Du Deguo, Liu Haiyang, Ojha Bimlesh
Department of Chemistry and Biochemistry, Florida Atlantic University, Boca Raton, FL, USA.
Methods Mol Biol. 2013;1081:77-89. doi: 10.1007/978-1-62703-652-8_6.
Incorporation of nonnatural amino acids with a variety of special side groups into protein sequences has substantially expanded the experimental means of exploring protein structures and functions. Recently, p-cyanophenylalanine (PheCN), the nitrile analogue of phenylalanine, has been used as a novel optical probe for protein binding and folding studies.
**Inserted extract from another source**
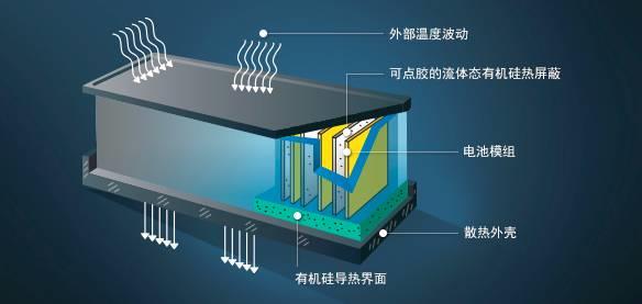 锂电池电解液中的碳酸酯具有较高的熔点,一般当温度低于-20℃时,电池不能正常工作[3];当温度过高时,电池隔膜会熔融造成短路引发电池起火等安全问题。只有保持适宜温度,电池才能达到其最佳性能。道康宁定制的有机硅材料能够有效为电池组及电芯散热,改善电池工作温度。同时,可点胶的流体态有机硅可在电池组形成一个围绕电池芯的热屏蔽,当环境过冷或过热时,电池依然能保持高效运作。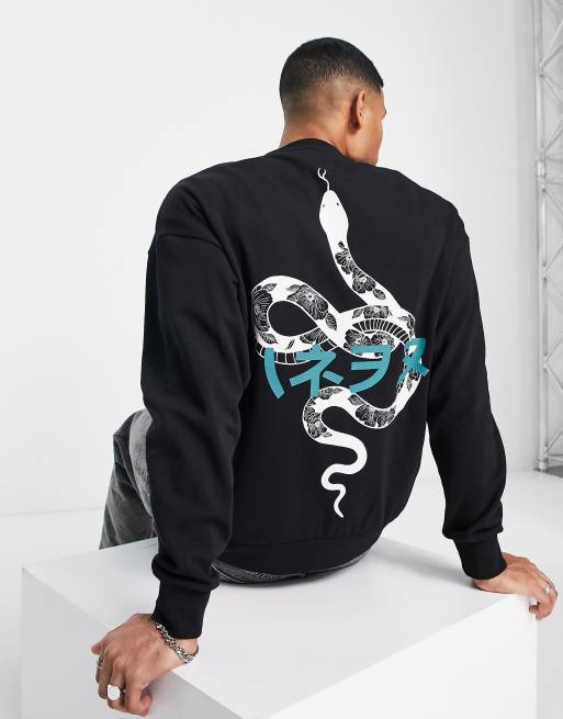 Jack & Jones Originals – Czarna bluza dresowa oversize z nadrukiem węża na plecach

The fluorescence emission of PheCN is sensitive to solvent and local environment of the residue, making it a useful fluorescent probe of protein structural change at residue-specific resolution. Moreover, the utility of PheCN is increased by its ability to excite tryptophan fluorescence via the mechanism of fluorescence resonance energy transfer. PheCN could be applied to study a variety of biological problems, e.g., protein folding/unfolding and protein aggregation.
将带有各种特殊侧链基团的非天然氨基酸掺入蛋白质序列中,极大地扩展了探索蛋白质结构和功能的实验手段。最近,对氰基苯丙氨酸(PheCN),苯丙氨酸的腈类似物,已被用作蛋白质结合和折叠研究的新型光学探针。PheCN的荧光发射对残基的溶剂和局部环境敏感,使其成为在残基特异性分辨率下蛋白质结构变化的有用荧光探针。此外,PheCN通过荧光共振能量转移机制激发色氨酸荧光的能力增加了其效用。PheCN可用于研究各种生物学问题,例如蛋白质折叠/去折叠和蛋白质聚集。